_Required action_
The answer should hold only the lines from the one that contains "Распределение автомобилей по" through the last line of the material, repeated exactly, without pictures.

_Exercise materials_
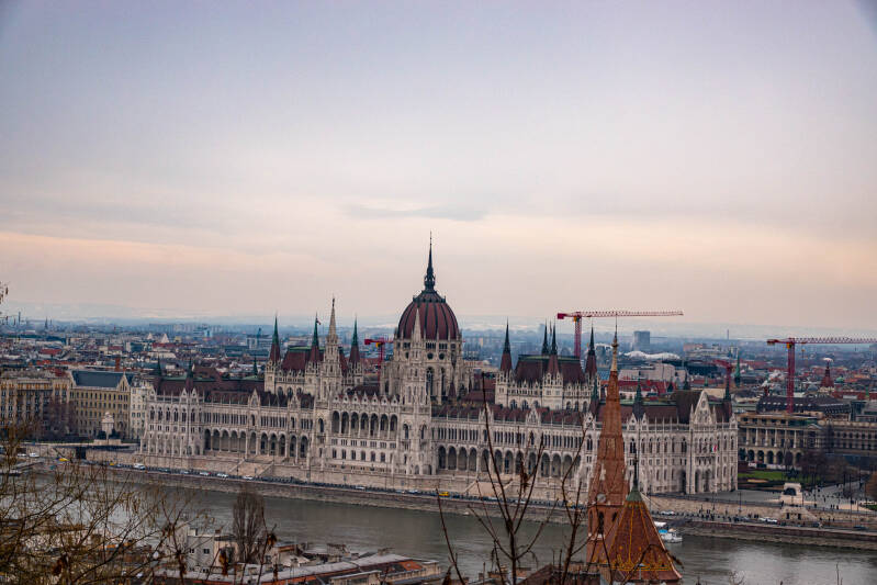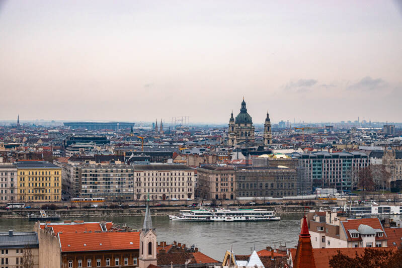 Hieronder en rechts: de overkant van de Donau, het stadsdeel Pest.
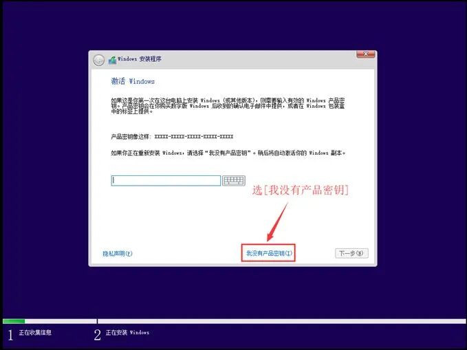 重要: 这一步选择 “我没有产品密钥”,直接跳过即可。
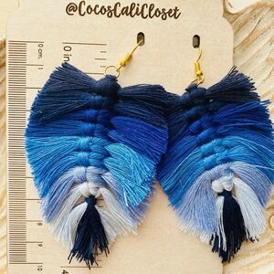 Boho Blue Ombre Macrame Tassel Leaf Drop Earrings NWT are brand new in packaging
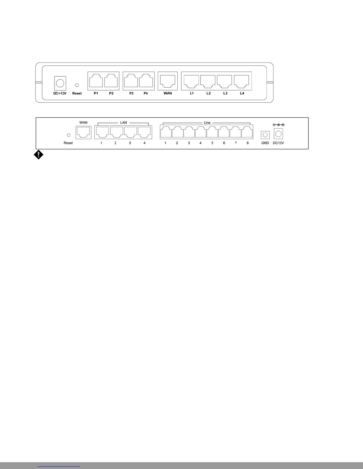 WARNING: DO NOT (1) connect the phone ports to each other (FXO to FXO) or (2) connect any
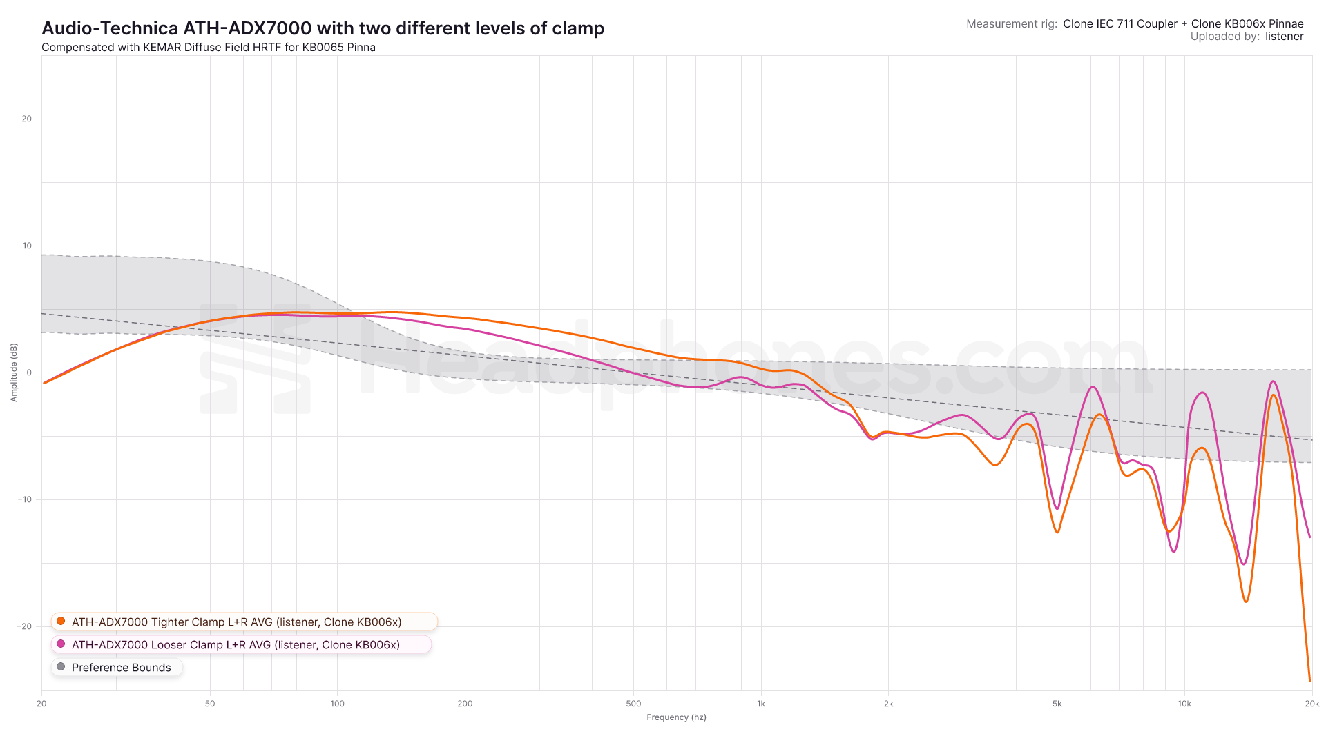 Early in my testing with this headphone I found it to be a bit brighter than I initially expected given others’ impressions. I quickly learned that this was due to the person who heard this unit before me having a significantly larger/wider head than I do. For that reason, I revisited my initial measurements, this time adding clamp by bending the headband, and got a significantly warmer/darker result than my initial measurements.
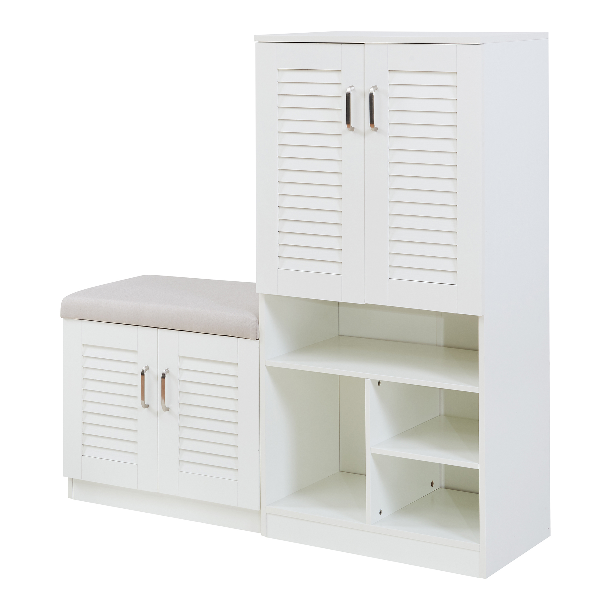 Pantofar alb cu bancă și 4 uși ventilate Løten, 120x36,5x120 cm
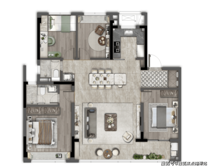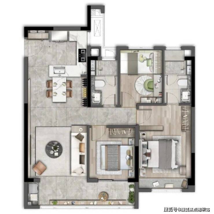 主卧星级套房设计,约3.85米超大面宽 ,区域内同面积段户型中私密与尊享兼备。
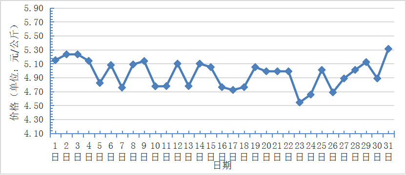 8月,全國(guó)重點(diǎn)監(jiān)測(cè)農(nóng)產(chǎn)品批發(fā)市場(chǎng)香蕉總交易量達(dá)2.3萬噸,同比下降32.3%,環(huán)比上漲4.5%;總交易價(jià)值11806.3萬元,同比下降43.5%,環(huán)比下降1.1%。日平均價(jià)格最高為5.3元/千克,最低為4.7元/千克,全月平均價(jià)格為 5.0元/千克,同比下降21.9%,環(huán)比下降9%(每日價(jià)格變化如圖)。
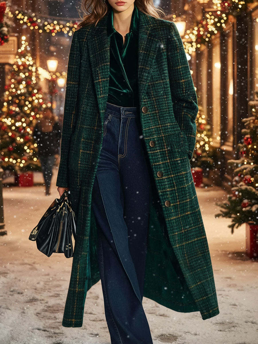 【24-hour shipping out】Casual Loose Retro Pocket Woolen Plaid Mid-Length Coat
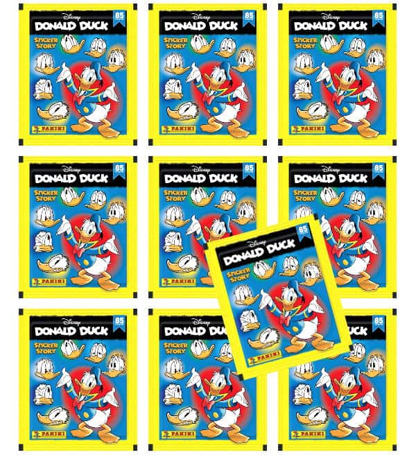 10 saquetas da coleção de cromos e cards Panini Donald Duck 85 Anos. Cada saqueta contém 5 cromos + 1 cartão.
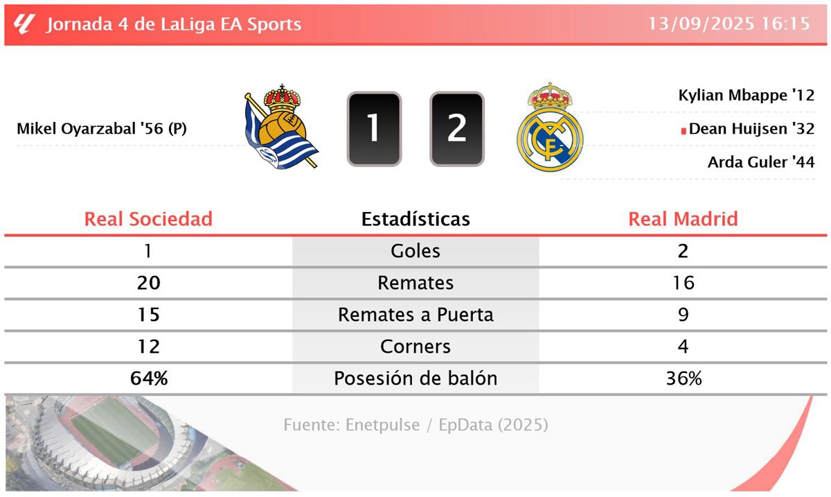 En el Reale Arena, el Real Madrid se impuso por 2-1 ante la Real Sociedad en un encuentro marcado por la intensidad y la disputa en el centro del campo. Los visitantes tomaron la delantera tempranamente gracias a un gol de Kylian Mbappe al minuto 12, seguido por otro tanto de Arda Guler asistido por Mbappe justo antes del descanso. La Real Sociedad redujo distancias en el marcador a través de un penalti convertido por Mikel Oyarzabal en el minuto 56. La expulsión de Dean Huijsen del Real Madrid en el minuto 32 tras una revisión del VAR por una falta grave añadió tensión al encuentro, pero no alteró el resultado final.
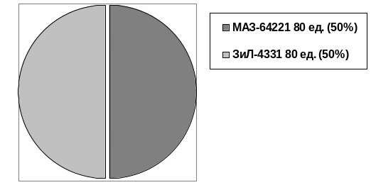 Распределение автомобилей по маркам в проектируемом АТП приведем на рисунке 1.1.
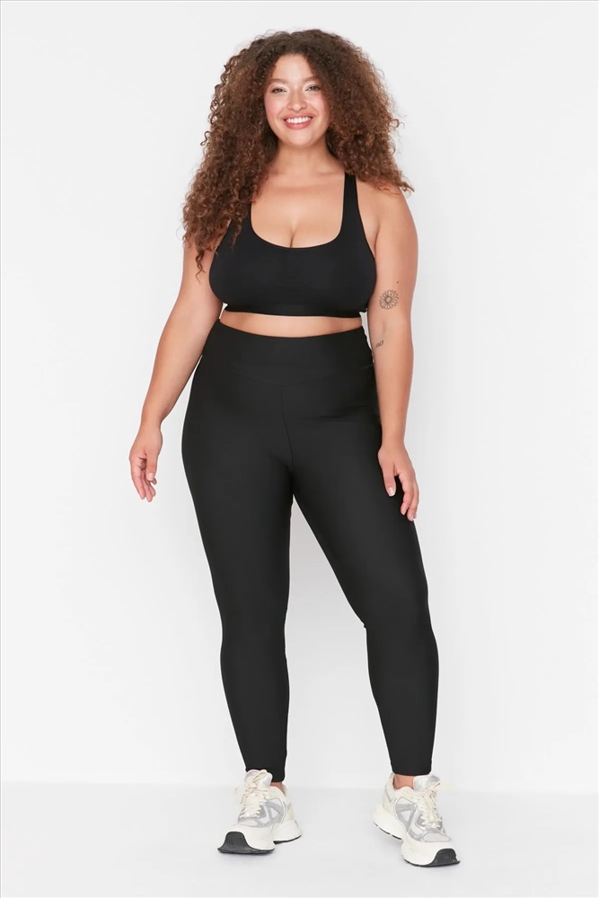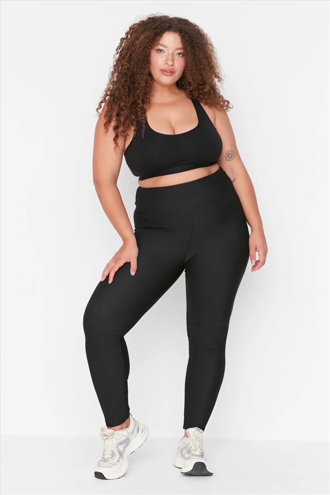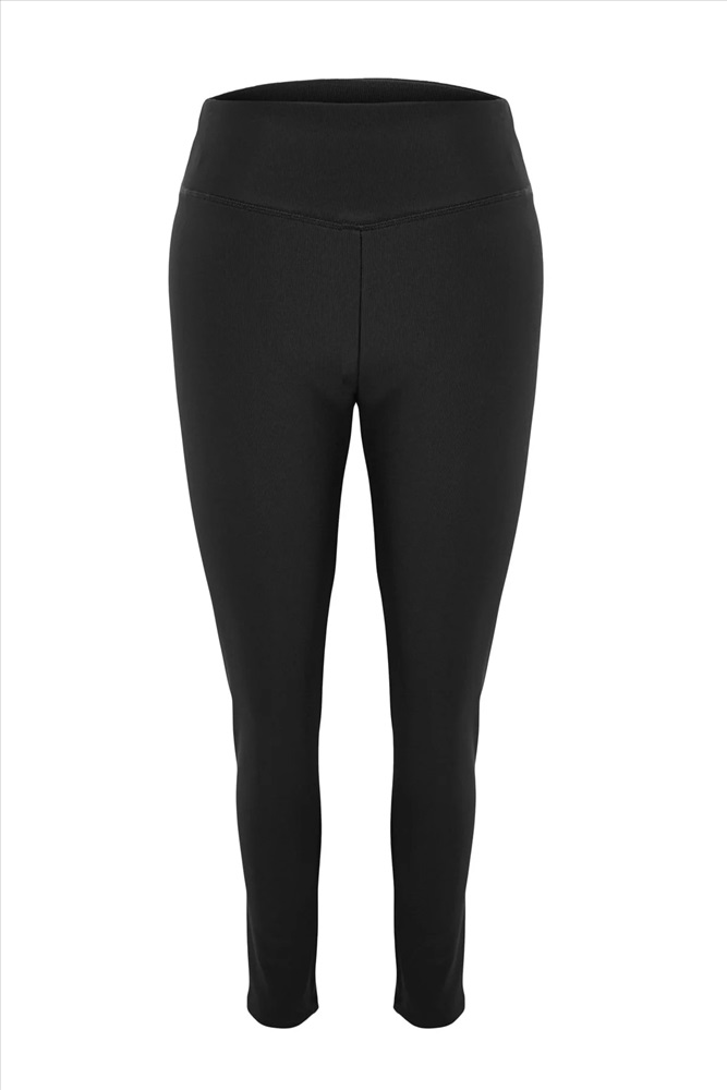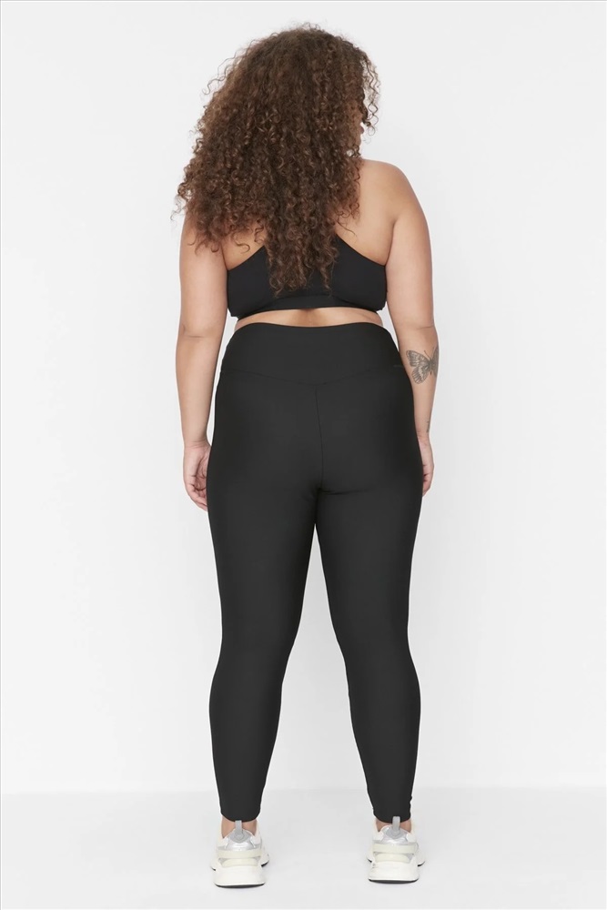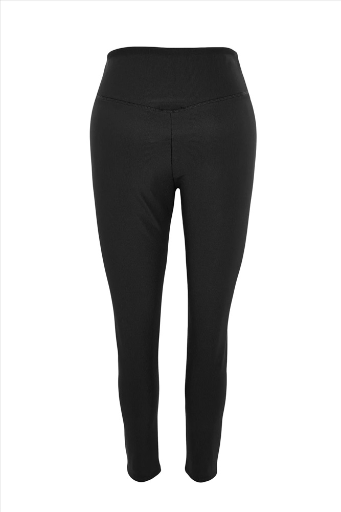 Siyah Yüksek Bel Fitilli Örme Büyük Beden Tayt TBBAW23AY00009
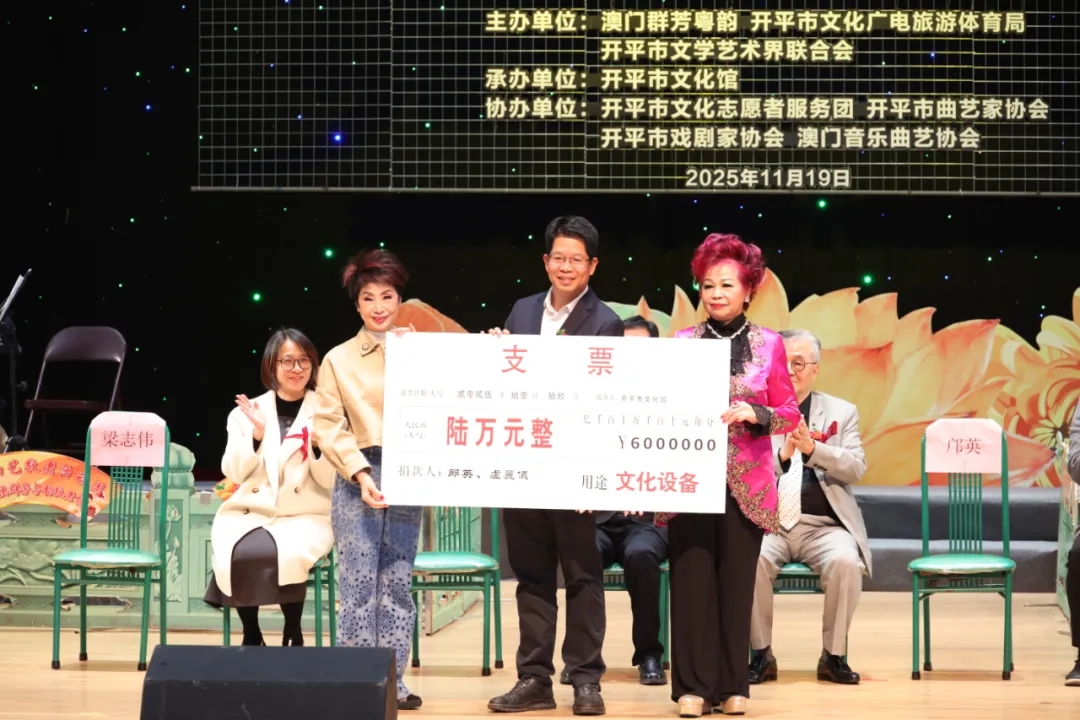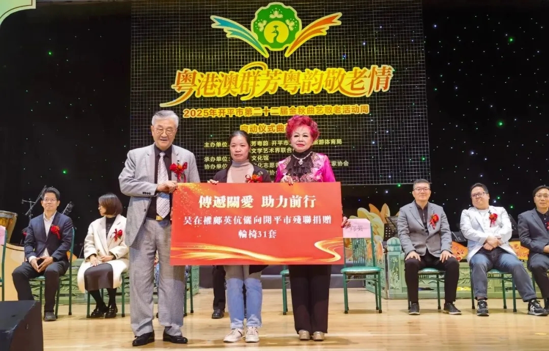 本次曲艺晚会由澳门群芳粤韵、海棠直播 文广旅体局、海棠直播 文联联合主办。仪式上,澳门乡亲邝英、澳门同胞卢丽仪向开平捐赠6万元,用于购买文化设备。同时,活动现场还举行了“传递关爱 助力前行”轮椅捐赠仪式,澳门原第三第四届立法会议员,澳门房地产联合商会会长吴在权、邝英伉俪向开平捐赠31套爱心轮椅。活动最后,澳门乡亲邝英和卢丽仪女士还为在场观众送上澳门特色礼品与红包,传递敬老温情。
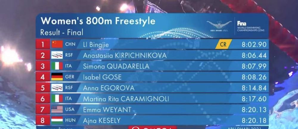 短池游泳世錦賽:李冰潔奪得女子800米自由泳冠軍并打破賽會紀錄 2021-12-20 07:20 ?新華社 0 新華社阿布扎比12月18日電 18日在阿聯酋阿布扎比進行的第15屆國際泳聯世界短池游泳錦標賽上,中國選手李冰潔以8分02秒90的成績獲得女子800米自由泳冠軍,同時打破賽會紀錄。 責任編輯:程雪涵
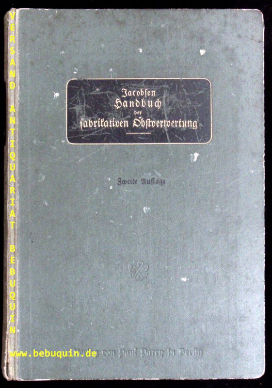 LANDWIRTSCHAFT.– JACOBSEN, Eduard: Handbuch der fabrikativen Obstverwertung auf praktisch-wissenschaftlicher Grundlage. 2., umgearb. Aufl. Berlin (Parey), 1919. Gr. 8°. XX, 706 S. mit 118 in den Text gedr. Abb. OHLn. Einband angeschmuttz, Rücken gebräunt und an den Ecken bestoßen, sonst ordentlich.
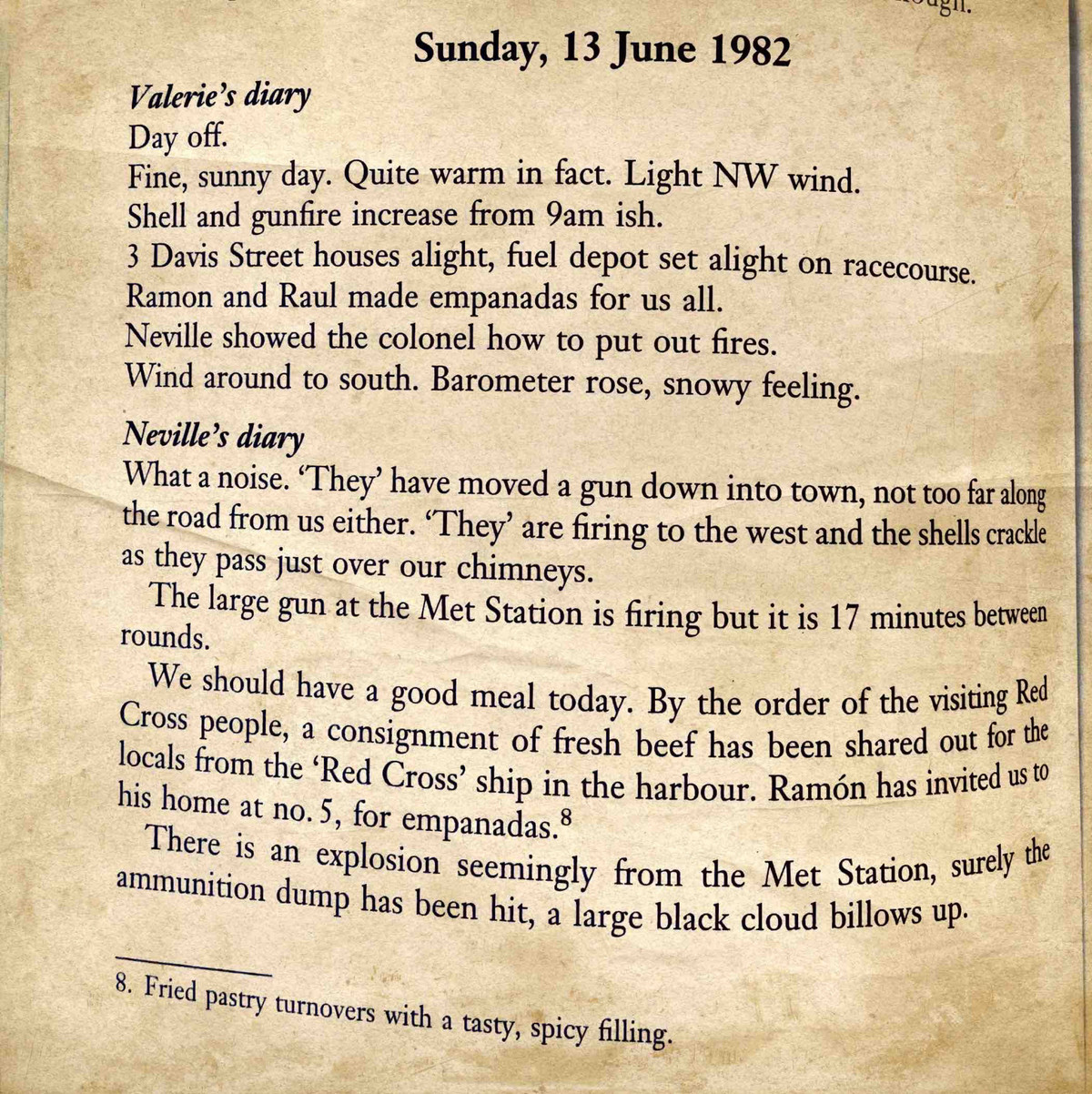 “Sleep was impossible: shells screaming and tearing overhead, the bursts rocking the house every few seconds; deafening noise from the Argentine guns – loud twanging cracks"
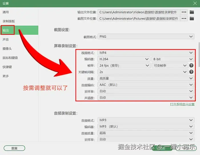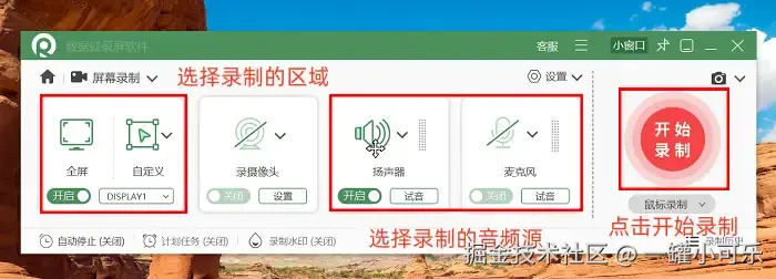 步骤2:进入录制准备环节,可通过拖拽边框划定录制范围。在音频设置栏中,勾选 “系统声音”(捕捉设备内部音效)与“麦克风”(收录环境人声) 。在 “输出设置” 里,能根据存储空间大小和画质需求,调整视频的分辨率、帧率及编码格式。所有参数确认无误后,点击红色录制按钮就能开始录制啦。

_Response_
 Распределение автомобилей по маркам в проектируемом АТП приведем на рисунке 1.1.
 Siyah Yüksek Bel Fitilli Örme Büyük Beden Tayt TBBAW23AY00009
 本次曲艺晚会由澳门群芳粤韵、海棠直播 文广旅体局、海棠直播 文联联合主办。仪式上,澳门乡亲邝英、澳门同胞卢丽仪向开平捐赠6万元,用于购买文化设备。同时,活动现场还举行了“传递关爱 助力前行”轮椅捐赠仪式,澳门原第三第四届立法会议员,澳门房地产联合商会会长吴在权、邝英伉俪向开平捐赠31套爱心轮椅。活动最后,澳门乡亲邝英和卢丽仪女士还为在场观众送上澳门特色礼品与红包,传递敬老温情。
 短池游泳世錦賽:李冰潔奪得女子800米自由泳冠軍并打破賽會紀錄 2021-12-20 07:20 ?新華社 0 新華社阿布扎比12月18日電 18日在阿聯酋阿布扎比進行的第15屆國際泳聯世界短池游泳錦標賽上,中國選手李冰潔以8分02秒90的成績獲得女子800米自由泳冠軍,同時打破賽會紀錄。 責任編輯:程雪涵
 LANDWIRTSCHAFT.– JACOBSEN, Eduard: Handbuch der fabrikativen Obstverwertung auf praktisch-wissenschaftlicher Grundlage. 2., umgearb. Aufl. Berlin (Parey), 1919. Gr. 8°. XX, 706 S. mit 118 in den Text gedr. Abb. OHLn. Einband angeschmuttz, Rücken gebräunt und an den Ecken bestoßen, sonst ordentlich.
 “Sleep was impossible: shells screaming and tearing overhead, the bursts rocking the house every few seconds; deafening noise from the Argentine guns – loud twanging cracks"
 步骤2:进入录制准备环节,可通过拖拽边框划定录制范围。在音频设置栏中,勾选 “系统声音”(捕捉设备内部音效)与“麦克风”(收录环境人声) 。在 “输出设置” 里,能根据存储空间大小和画质需求,调整视频的分辨率、帧率及编码格式。所有参数确认无误后,点击红色录制按钮就能开始录制啦。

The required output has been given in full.